2. No, time-varying covariates can also be measured at different times for different individuals.
3. Yes, but if you treat the x-variables as y-variables by mentioning their variances in the MODEL command, they will not be deleted. The only difference is that the model is not estimated condtioned on the x's but they are part of the model.
Ted Fong posted on Tuesday, March 18, 2014 - 3:02 am
Dear Dr. Muthen,
I have performed a factor mixture analysis on 9 continuous items and found a two-class (high vs low class), two-factor mixture model to the data.
However, a reviewer questions the validity of the two classes as they may arise because of violation of assumptions such as heavy skewness and kurtosis.
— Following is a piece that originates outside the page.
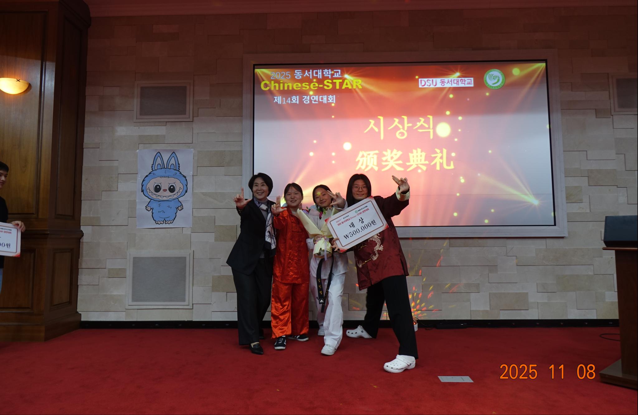 历经初赛遴选,来自京畿道、全罗南道、庆尚南道等多地高中的13组优秀选手脱颖而出晋级决赛。赛事特设“中国文化常识抢答”“贴拉布布鼻子”等互动环节,让选手们在竞技之余以歌会友、以文结缘。赛前,中国留学生带来的精彩开场表演点燃全场气氛;决赛中,选手们盛装亮相,以悠扬歌声搭配灵动舞姿,献上了一场兼具青春活力与文化韵味的视听盛宴。最终,釜山耕慧女子高中“跆拳道和功夫的合作”组合凭借标准流畅的中文发音、感染力十足的嗓音,搭配利落洒脱的跆拳道与功夫动作,以从容大方的舞台表现斩获评委们的高分认可,摘得大奖。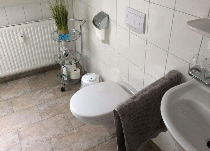 Das Badezimmer ist modern und funktional eingerichtet, mit einer Dusche, einem WC und Wasserspardüsen, die umweltbewussten Komfort bieten.

He wants to know how badly-behaved the data are, that may in turn give rise to the mixture components.
I have checked that the skewness and kurtosis of the 9 variables are slightly negative (-1 to 0). 6 of the 9 variables appear to have a bimodal distribution. I have done TECH13 which rejects the multivariate skewness and kurtosis of the two-class, two-factor model.
I understand that the overall distribution of variables can be nonnormal in mixture analysis. I am not sure if my data behaves well or badly according to the view of the reviewer. Overall, he seems to question the use of mixture analysis to finding distinct meaningful subgroups VS its alternative indirect use of approximating some unknown distribution.
I have read the papers written by Bauer and your 2003 paper on substantial and statistical checking of mixture models. But I don't know where to proceed or how to respond to the reviewer.
Do you have any views on this matter? I would be grateful for any comments.
You can use BIC to argue on statistical grounds that a two-class factor mixture model is better than a regular 1-class factor model (or a two-class LCA).
You can use substantive theory to argue on subject-matter grounds that your two classes are useful and of substantive interest by relating the class membership to other variables as I argued in my 2003 response. You can use 3-step methods for that: R3STEP to look at antecedents (predictors of the latent class variable) and DCAT/DCON to look at consequences (distal outcomes; predictive validity).
I think you want to make both arguments in a mixture analysis.